Mount Sinai scientists are the first to report potentially serious, Parkinson’s-like, side effects related to a CAR-T cell therapy that was recently approved for the treatment of multiple myeloma. The researchers found evidence that these side effects may be directly related to the treatment targeting B cell maturation antigen (BCMA). Their findings were published as a case study in Nature Medicine today.
“This study showed that BCMA-targeted CAR-T cell therapy can cross the blood-brain barrier at least in a subset of patients to cause a progressive neurocognitive and movement disorder. This shows that CAR-T cell therapies, although effective in multiple myeloma, warrant close monitoring for neurotoxicity, especially as such treatments acquire more widespread implementation in multiple myeloma patients,” said Samir Parekh, MBBS, Professor of Medicine (Hematology and Medical Oncology), and Oncological Sciences, at Icahn Mount Sinai and the corresponding author of the case study.

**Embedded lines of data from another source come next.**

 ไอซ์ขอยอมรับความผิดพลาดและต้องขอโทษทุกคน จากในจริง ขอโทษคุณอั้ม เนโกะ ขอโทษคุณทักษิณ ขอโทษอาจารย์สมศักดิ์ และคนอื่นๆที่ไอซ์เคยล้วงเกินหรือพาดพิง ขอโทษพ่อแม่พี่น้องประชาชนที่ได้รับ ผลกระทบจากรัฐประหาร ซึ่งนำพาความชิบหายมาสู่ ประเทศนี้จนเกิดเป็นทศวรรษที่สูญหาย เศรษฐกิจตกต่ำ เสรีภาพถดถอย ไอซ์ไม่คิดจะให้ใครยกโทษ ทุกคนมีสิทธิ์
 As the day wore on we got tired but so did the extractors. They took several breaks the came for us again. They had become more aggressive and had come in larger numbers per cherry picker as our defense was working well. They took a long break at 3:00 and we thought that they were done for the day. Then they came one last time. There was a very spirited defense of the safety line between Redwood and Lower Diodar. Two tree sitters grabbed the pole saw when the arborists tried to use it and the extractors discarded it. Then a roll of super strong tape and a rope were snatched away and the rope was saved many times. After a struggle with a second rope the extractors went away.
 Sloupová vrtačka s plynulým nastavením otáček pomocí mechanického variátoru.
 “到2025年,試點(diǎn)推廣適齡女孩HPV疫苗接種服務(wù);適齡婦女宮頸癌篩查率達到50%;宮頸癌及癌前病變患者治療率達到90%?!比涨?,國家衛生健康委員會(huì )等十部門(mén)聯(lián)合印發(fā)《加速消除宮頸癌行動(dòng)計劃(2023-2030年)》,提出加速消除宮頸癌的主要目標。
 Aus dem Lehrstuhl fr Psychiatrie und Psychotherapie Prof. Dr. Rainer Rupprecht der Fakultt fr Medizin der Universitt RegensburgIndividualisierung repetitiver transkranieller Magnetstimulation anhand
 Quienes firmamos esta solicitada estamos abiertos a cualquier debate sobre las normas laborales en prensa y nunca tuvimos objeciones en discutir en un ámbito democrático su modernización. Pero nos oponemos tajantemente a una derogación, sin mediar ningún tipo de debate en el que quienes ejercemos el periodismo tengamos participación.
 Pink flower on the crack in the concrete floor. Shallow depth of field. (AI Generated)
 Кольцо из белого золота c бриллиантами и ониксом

Multiple myeloma is a complex and incurable type of blood plasma cancer that often requires multiple treatments as the disease progresses and becomes resistant to previous therapies, often resulting in chronic disease with periods of acute illness.
CAR-T cell therapy uses genetically engineered chimeric antigen receptor (CAR)-T cells. In this case, the CAR-T cells were used to target the protein BCMA , which is commonly found in multiple myeloma. This therapy, ciltacabtagene autoleucel, has shown impressive response rates in people with particularly complex, treatment-resistant multiple myeloma.
More than three months after finishing a course of BCMA-targeted CAR-T cell therapy, the patient featured in the Mount Sinai case study started showing progressive neurological features of symptoms resembling Parkinson’s disease, including tremors as well as handwriting and gait changes. The patient later died due to complications from infection, and researchers found evidence of BCMA protein in his brain’s basal ganglia and scarring in that area, suggesting that the side effects may have been due to the therapy targeting the BCMA in the brain.
Common side effects of this treatment are related to cytokine release syndrome (CRS) and neurotoxicity—typically reported neurologic symptoms include headache, confusion, hallucinations, dysphasia, ataxia, tremor, and seizures. But these authors point out that there have been reports of three patients with grade 3 or higher parkinsonism in the current phase 2 ciltacabtagene autoleucel trial.
“Our findings will impact the risk-benefit assessment of BCMA-targeted CAR-T cell therapy for multiple myeloma and have already led to improved monitoring and proactive management of neurologic adverse events across clinical trials of BCMA-targeted therapy,” said Oliver Van Oekelen, M.D., Ph.D. student at the Icahn School of Medicine at Mount Sinai and the first author of the manuscript.
BCMA-targeted CAR-T therapy and similar immunotherapies are being used or tested in other types of cancers.
In this study, researchers analyzed clinical data, blood, spinal fluid, and brain samples after the CAR-T infusion. Mount Sinai’s Human Immune Monitoring Center, led by Miriam Merad, M.D., Ph.D., found CAR-T cells in the blood and spinal fluid, this led scientists to believe that CAR-T cells targeting the basal ganglia and infiltrating the brain caused the Parkinson’s-like symptoms.
Though these findings are limited by the inherent fact that this is a case study on a single patient’s reaction, a clinical trial of a BMCA-targeted CAR-T therapy has also reported that five percent of patients in the trial experienced movement and neurocognitive treatment-related adverse effects. Researchers also found evidence of BCMA expression in the brains of healthy individuals.